Recently, the simultaneous determination of both transcript levels and chromatin state in the same nucleus has become possible, using so-called “multi-omics” approaches. An example is the 10x Genomics single cell Multiome ATAC + gene expression technology [2]. Multi-omics datasets are clearly superior at refining cell types and revealing gene regulatory networks [1]. However, it is not practical to repeat all prior studies of interest performed using the single-modality assays with the multiome approaches, as frequently precious samples are either no longer available or funding is limited. Therefore, it is highly desirable to integrate pre-existing single-modality scRNA-seq and snATAC-seq datasets with multiome data generated subsequently using the newer technology to achieve more accurate cell type annotations.
Several methodologies have been developed for multi-omic data integration. Here, we refer to multi-omic integration as the integration of RNA-seq and ATAC-seq profiles measured in single cells, either with or without the guidance of multiome data. These methods attempt to align cells profiled by separate technologies and project them into one common low-dimensional space to ensure consistent cell type calling. However, we still lack an objective evaluation of whether the addition of the multiome data improves the annotation of single-modality datasets. Furthermore, some of the methods try to impute the missing modality for the single-modality datasets and identify peak-gene pairs using these ‘pseudo-paired’ datasets. Thus, it is still uncertain if the imputed missing modality can truly provide additional biological insights to the same degree as provided by the experimentally produced multiome datasets. Finally, given the availability of many methods for multi-omic data integration, at present, we do not know which method performs the best when integrating all three data types.
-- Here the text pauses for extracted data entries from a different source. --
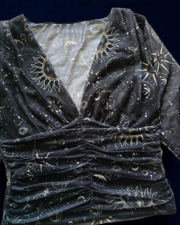 Tiene escote en V profundo y frunces centrales (ruched) que estilizan la figura sin apretar. El frente está forrado para que lo uses sin corpiño si querés. La espalda es sólo la transparencia. Te queda como tatuada por el mismo Boucher🎨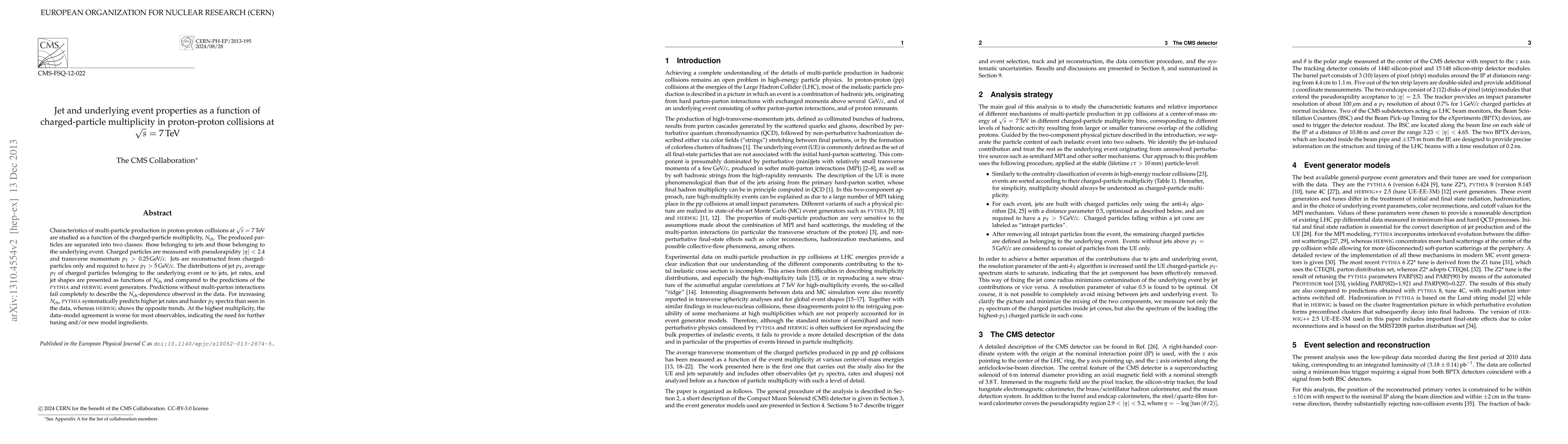 This study investigates the properties of jets and underlying events in proton-proton collisions at 7 TeV as a function of charged-particle multiplicity. The analysis reveals discrepancies between experimental data and predictions from PYTHIA and HERWIG, indicating the need for model refinements to better describe high multiplicity events.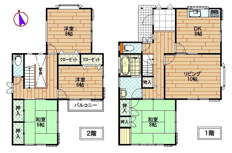 バルコニー・収納スペース・風呂・庭・トイレ2ヶ所・床下収納・上水道・本下水・駐車場2台分 |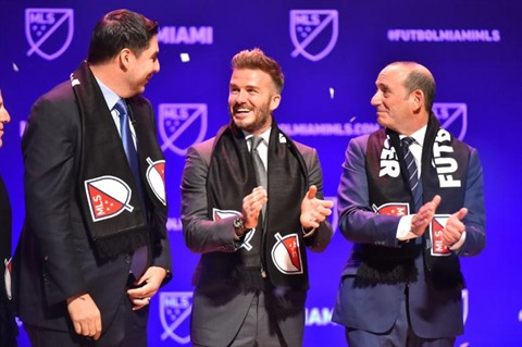 | David Beckham, entouré par le patron de la MLS Don Garber (droite) et l'homme d'affaires Marcelo Claure lors de la présentation de son projet à Miami, le 29 janvier. |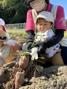 サツマイモは、ジャガイモのように子どもの手で…ということにはならないので、一回先生がショベルで掘り起こしてから子どもたちに引っ張ってもらいました✨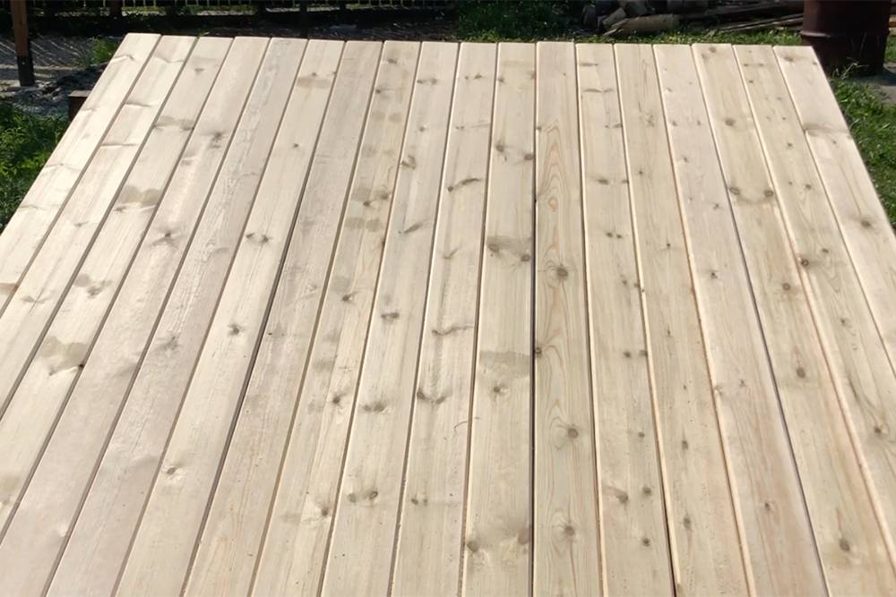Края доски по отрезу обработайте наждачной бумагой и покройте террасным маслом. На этом строительство террасы своими руками практически завершено.

The current multi-omic integration methods can be divided into two categories. Methods in the first category perform multi-omic integration using only the single-modality datasets, aiming to find a mapping between gene expression profiles and chromatin accessibility states to create an aligned space that explains both modalities; we call these approaches ‘unpaired integration’. Representative methods in this category include Seurat version 3 (Seurat v3) [3], which performs canonical correlation analysis (CCA) to align experimentally measured gene expression with pseudo-gene expression obtained from chromatin accessibility. One example of pseudo-gene expression is the gene activity score, calculated by summing up peak counts within the gene body plus 2kb upstream in the ATAC-seq data. LIGER [4] also uses the gene expression and gene activity score to obtain shared features between the two modalities and then derives a low-dimensional embedding through a non-negative matrix factorization approach. FigR [5] aligns the snATAC-seq and scRNA-seq data using a CCA-based approach. In addition, it provides matching of snATAC-seq and scRNA-seq cells, which enables the identification of cis-regulatory elements similar to paired multiome data. BindSC [6] goes beyond the simple construction of gene activity scores. Instead, bindSC uses a bi-directional CCA to empirically construct a cell-by-gene matrix for the snATAC-seq cells that preserve its similarity with the ATAC-seq input and simultaneously maximizes the correlation with the scRNA-seq matrix it is being integrated with.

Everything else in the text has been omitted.